Fabric defect recognition using VGG16
Model selection
This article chooses a convolutional network that has been widely used in recent years and utilizes it in fabric defect recognition experiments. The main advantages that convolutional model should possess are as follows: First, the model must ensure that the fabric defect recognition system has a high detection accuracy. Second, the model should have rapid running speed to facilitate real-time detection in industrial fields, because the profits of textile manufacturing enterprises are directly affected by their production efficiency. Third, the generalization ability of whole defect recognition system should be excellent owing to textile manufacturers do not have the capability to train a complete fabric defect recognition system, so the fully trained model should be suitable for as many types of cloth as possible.

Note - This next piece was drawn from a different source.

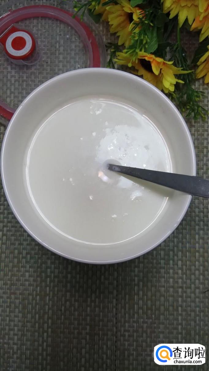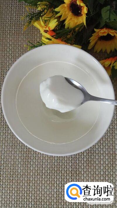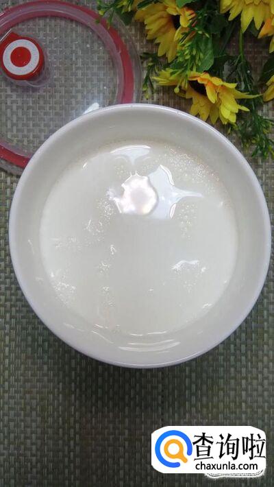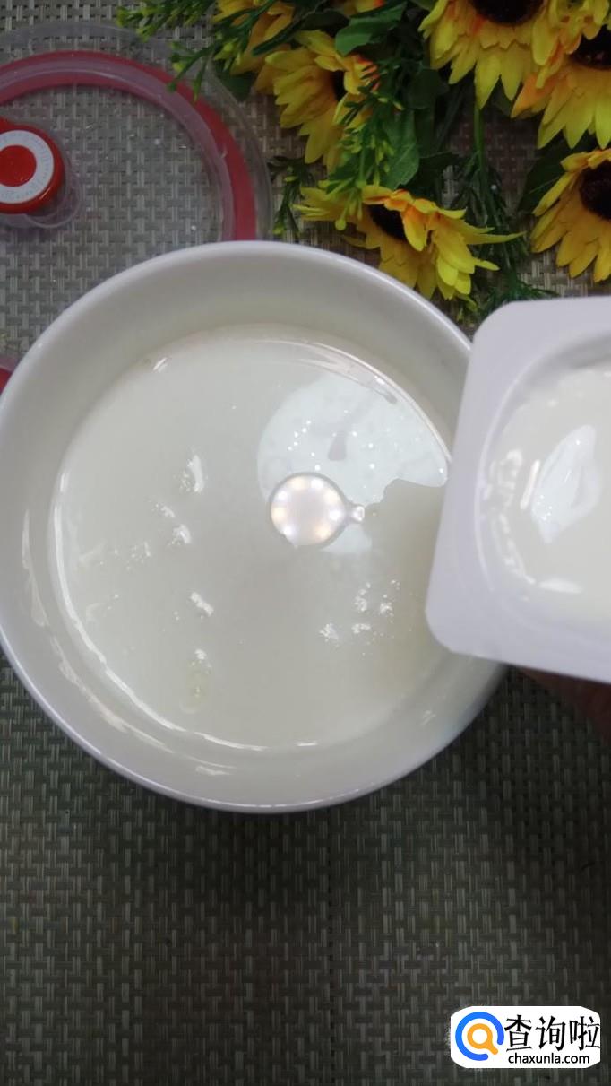 将纯牛奶倒入器皿中,再将酸牛奶倒入纯牛奶中。

It is not difficult to find some of the most advanced convolution models and apply them to fabric defect identification. However, the state-of-the-art network topology is usually too complex, and the spatial resolution of feature maps is aggressively reduced to increase the local receptive field. For instance, the residual neural network (ResNet) 14 has outstanding classification performance, but it has too many network layers, which makes it difficult to train or test. The whole model of GoogLeNet 15 has very few parameters but maintains a high classification accuracy. However, this model does not have fully connected layers, which leads to the lack of generalization ability. Thus, it needs to be separately trained when it is applied in various commercial fields.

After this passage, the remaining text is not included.